*What you will do:*
Your task is to transcribe all of the records exactly and leave out the pictures.

*Data in this exercise:*
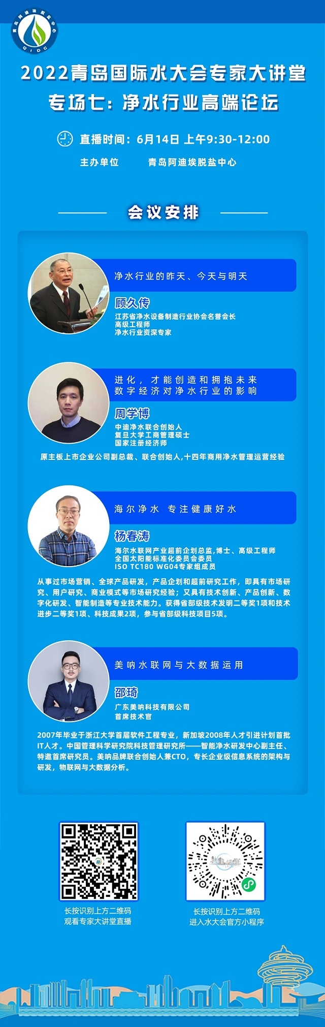 “2022青島國際水大會專家系列大講堂”接力第七場——凈水行業(yè)高端論壇將于6月14日上午登陸環(huán)保在線!緊跟海水淡化、工業(yè)節(jié)水與污水資源化、城鎮(zhèn)水務(wù)、水資源可持續(xù)、水環(huán)境治理、膜材料等議題的熱度,凈水行業(yè)的當(dāng)下與未來,誠邀業(yè)界同仁共探共論。
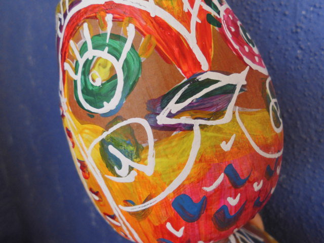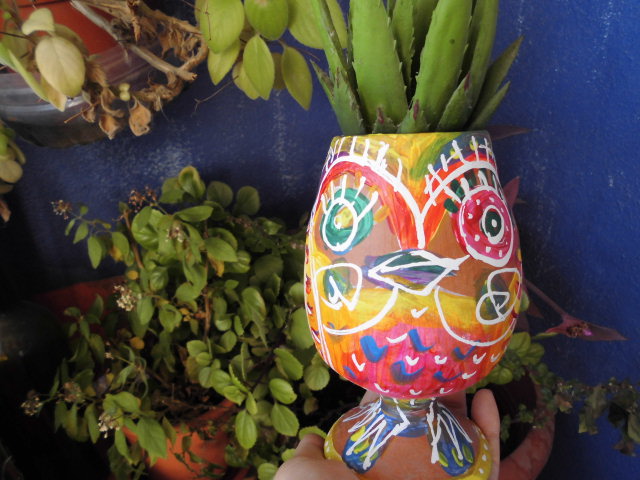 ももギャラリー2014 七色ふくろう 2014-12-17 momoquimidori コメントする 「ももギャラリー」今日は「七色ふくろう」を紹介します。 もとは素焼きの茶色い陶器。ペン立てだったのですが何気なく眺めていたら「ふくろうに見える・・・」 で、ペイントしちゃいました。足が描けるところがいいなぁ。 頭には植物をさして、パイナップル風のたてがみに。あれ、ふうろうにたてがみはなかったっけ?じゃ、とさか?ちがうな。ま、ヘアースタイルってことで、いいでしょう。 2014-12-17 momoquimidori コメントする
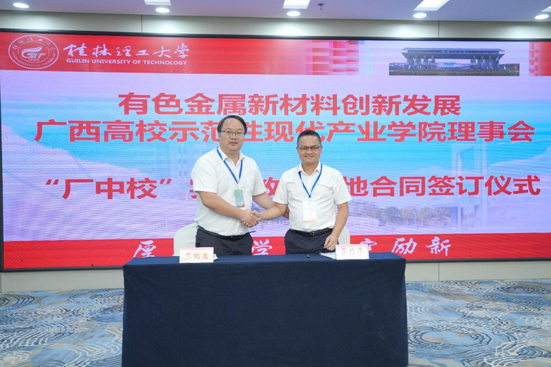 经前期协商,现代产业学院与广西金川有色金属有限公司、广西北港新材料有限公司、广西盛隆冶金有限公司、中国有色桂林矿产地质研究院有限公司、广西田东锦鑫化工有限公司、广西翅冀钢铁有限公司等6家企业达成合作协议,共建“厂中校”实践教学基地。会上,现代产业学院院长周焕福与“厂中校”实践教学基地代表-广西北港新材料有限公司签订“厂中校”实践教学基地合同。本科生院院长康志强为6家“厂中校“实践教学基地授牌。
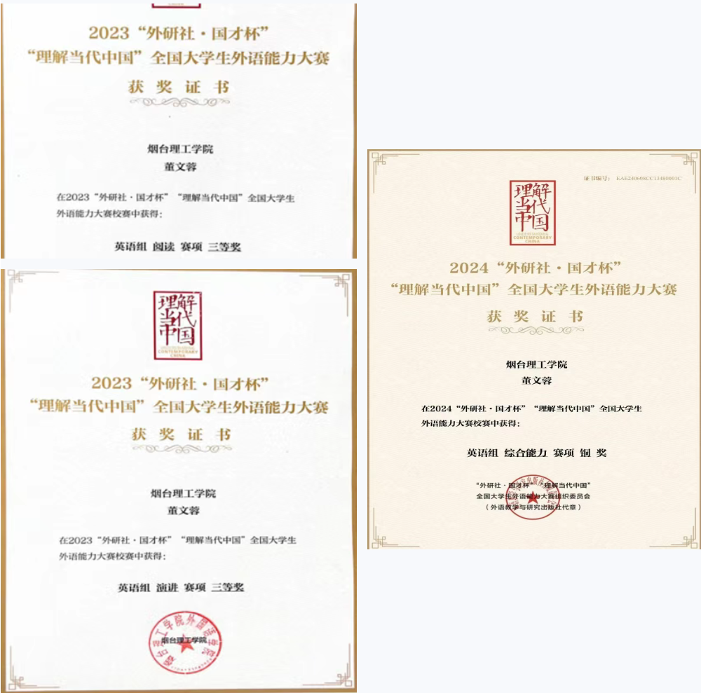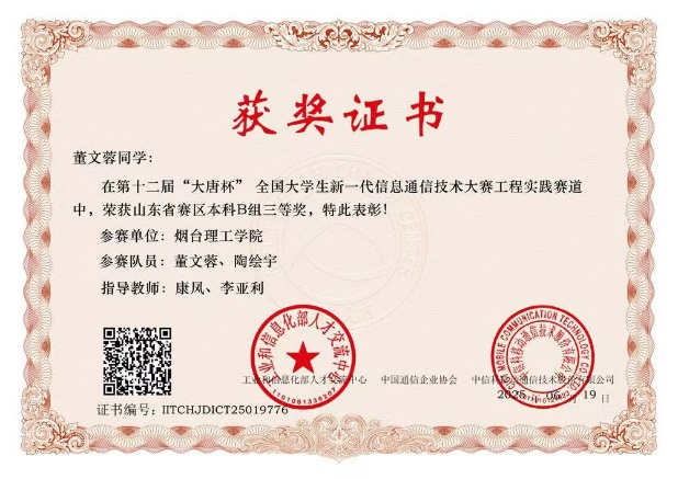 董文蓉将专业提升作为核心追求,在学科竞赛中勇毅前行。2024年山东省大学生物理实验竞赛中,她深耕原理、查阅文献、反复调试,以工匠般的严谨打磨实验,终获省赛二等奖;2025年“大唐杯”全国大学生新一代信息通信技术大赛中,她与队友携手协作、屡败屡试、总结精进,斩获省三等奖,在竞技中锤炼专业硬功。
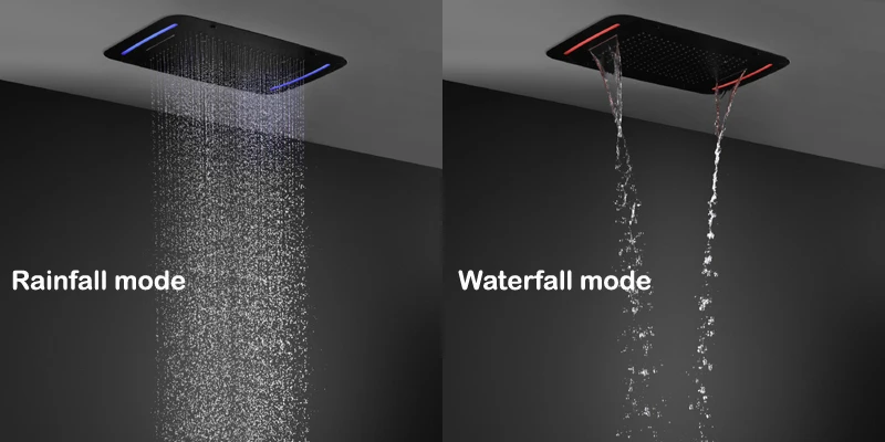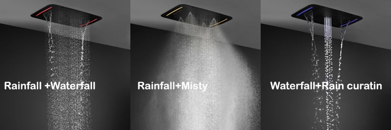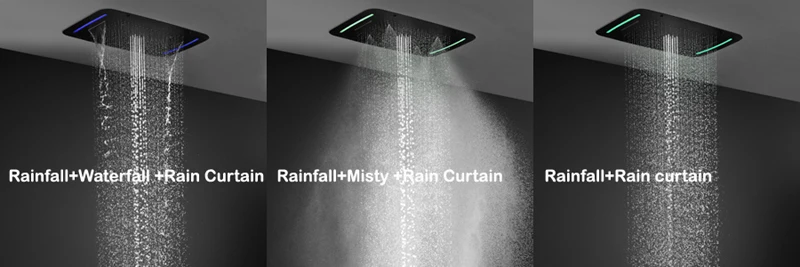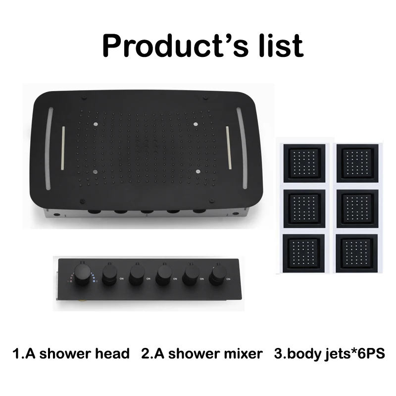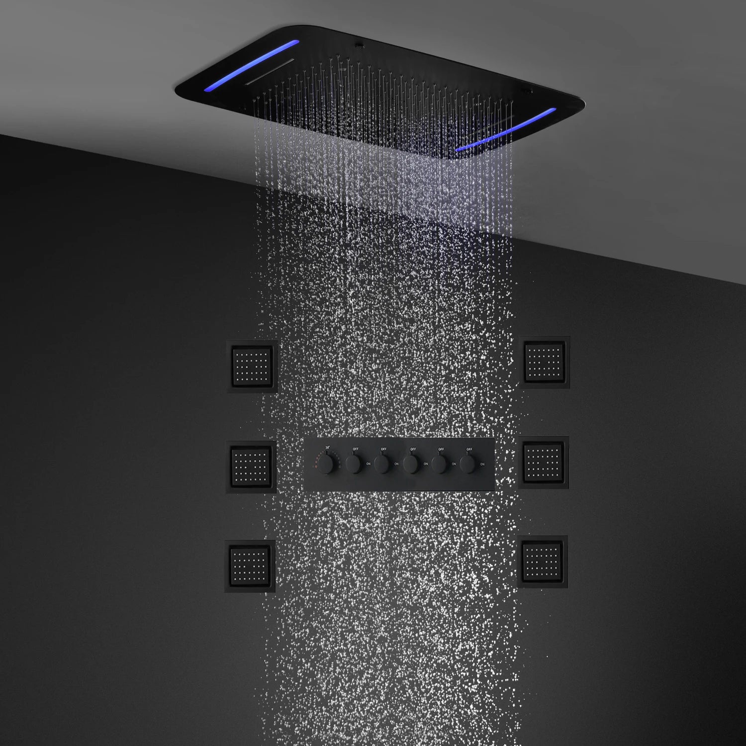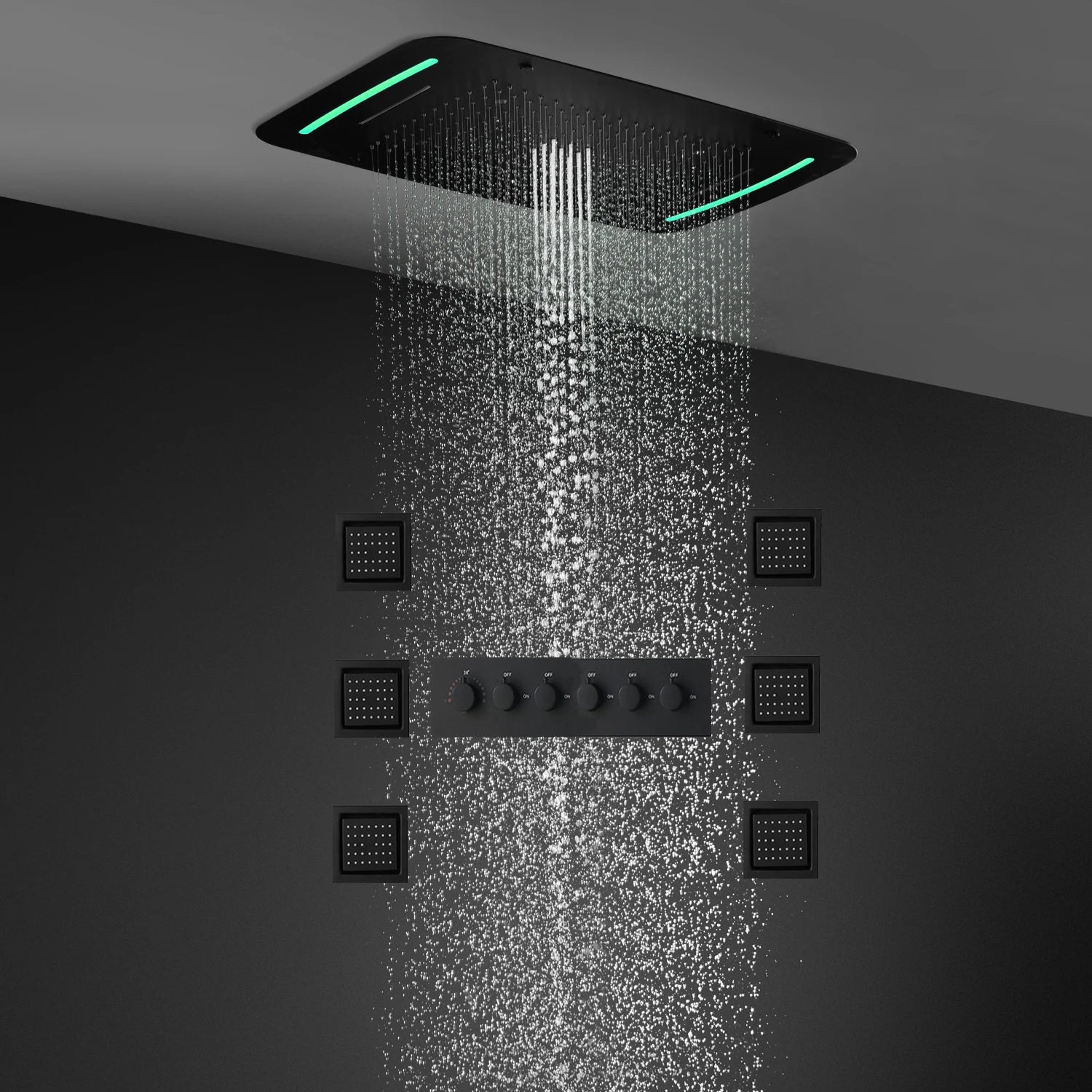 Bathroom Accessories Ceiling Black Shower Set LED Rain Showerheads System 5functions Thermostatic Valve Faucets Massage Body Jet
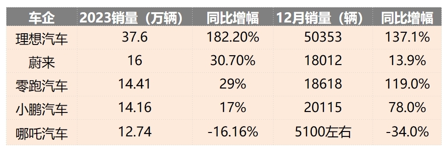 而上一年还被哪吒汽车甩在身后的“蔚小理零”,则全部完成了对于哪吒汽车的反超。
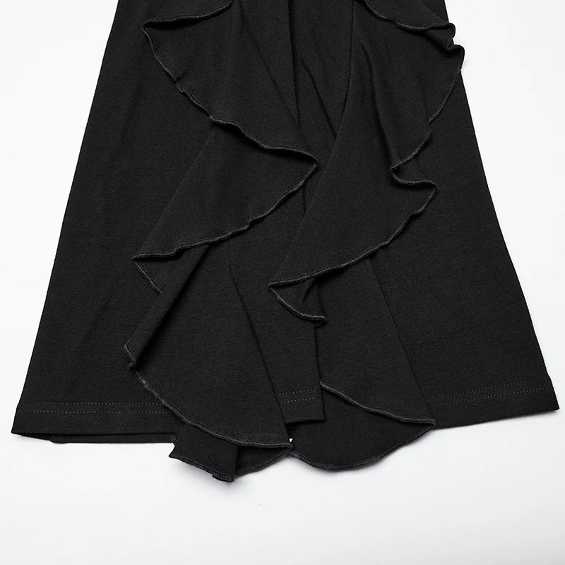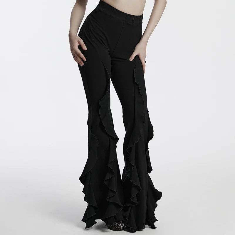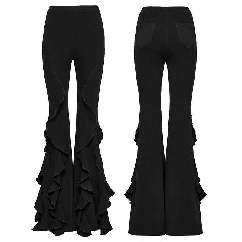 Command attention with these statement making gothic flare pants, designed for those who live and breathe alternative style. The dramatic ruffled fishtail legs create a striking silhouette, while the high waist fit and micro elastic fabric sculpt and flatter. Perfect for gothic streetwear, cosplay events, concerts, or simply making every day feel like a runway.
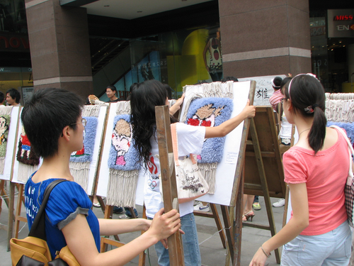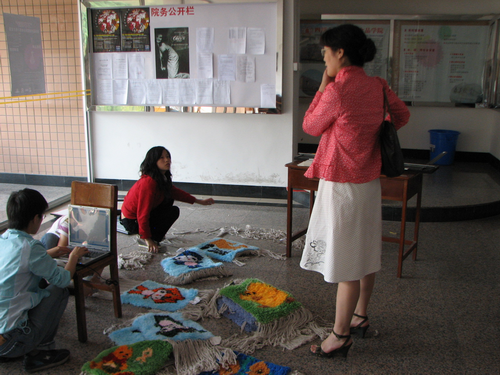 纺织工程05级吴娟、杨燕、张芳同学在义卖现场布展

*Response area:*
 “2022青島國際水大會專家系列大講堂”接力第七場——凈水行業(yè)高端論壇將于6月14日上午登陸環(huán)保在線!緊跟海水淡化、工業(yè)節(jié)水與污水資源化、城鎮(zhèn)水務(wù)、水資源可持續(xù)、水環(huán)境治理、膜材料等議題的熱度,凈水行業(yè)的當(dāng)下與未來,誠邀業(yè)界同仁共探共論。
 ももギャラリー2014 七色ふくろう 2014-12-17 momoquimidori コメントする 「ももギャラリー」今日は「七色ふくろう」を紹介します。 もとは素焼きの茶色い陶器。ペン立てだったのですが何気なく眺めていたら「ふくろうに見える・・・」 で、ペイントしちゃいました。足が描けるところがいいなぁ。 頭には植物をさして、パイナップル風のたてがみに。あれ、ふうろうにたてがみはなかったっけ?じゃ、とさか?ちがうな。ま、ヘアースタイルってことで、いいでしょう。 2014-12-17 momoquimidori コメントする
 经前期协商,现代产业学院与广西金川有色金属有限公司、广西北港新材料有限公司、广西盛隆冶金有限公司、中国有色桂林矿产地质研究院有限公司、广西田东锦鑫化工有限公司、广西翅冀钢铁有限公司等6家企业达成合作协议,共建“厂中校”实践教学基地。会上,现代产业学院院长周焕福与“厂中校”实践教学基地代表-广西北港新材料有限公司签订“厂中校”实践教学基地合同。本科生院院长康志强为6家“厂中校“实践教学基地授牌。
 董文蓉将专业提升作为核心追求,在学科竞赛中勇毅前行。2024年山东省大学生物理实验竞赛中,她深耕原理、查阅文献、反复调试,以工匠般的严谨打磨实验,终获省赛二等奖;2025年“大唐杯”全国大学生新一代信息通信技术大赛中,她与队友携手协作、屡败屡试、总结精进,斩获省三等奖,在竞技中锤炼专业硬功。
 Bathroom Accessories Ceiling Black Shower Set LED Rain Showerheads System 5functions Thermostatic Valve Faucets Massage Body Jet
 而上一年还被哪吒汽车甩在身后的“蔚小理零”,则全部完成了对于哪吒汽车的反超。
 Command attention with these statement making gothic flare pants, designed for those who live and breathe alternative style. The dramatic ruffled fishtail legs create a striking silhouette, while the high waist fit and micro elastic fabric sculpt and flatter. Perfect for gothic streetwear, cosplay events, concerts, or simply making every day feel like a runway.
 纺织工程05级吴娟、杨燕、张芳同学在义卖现场布展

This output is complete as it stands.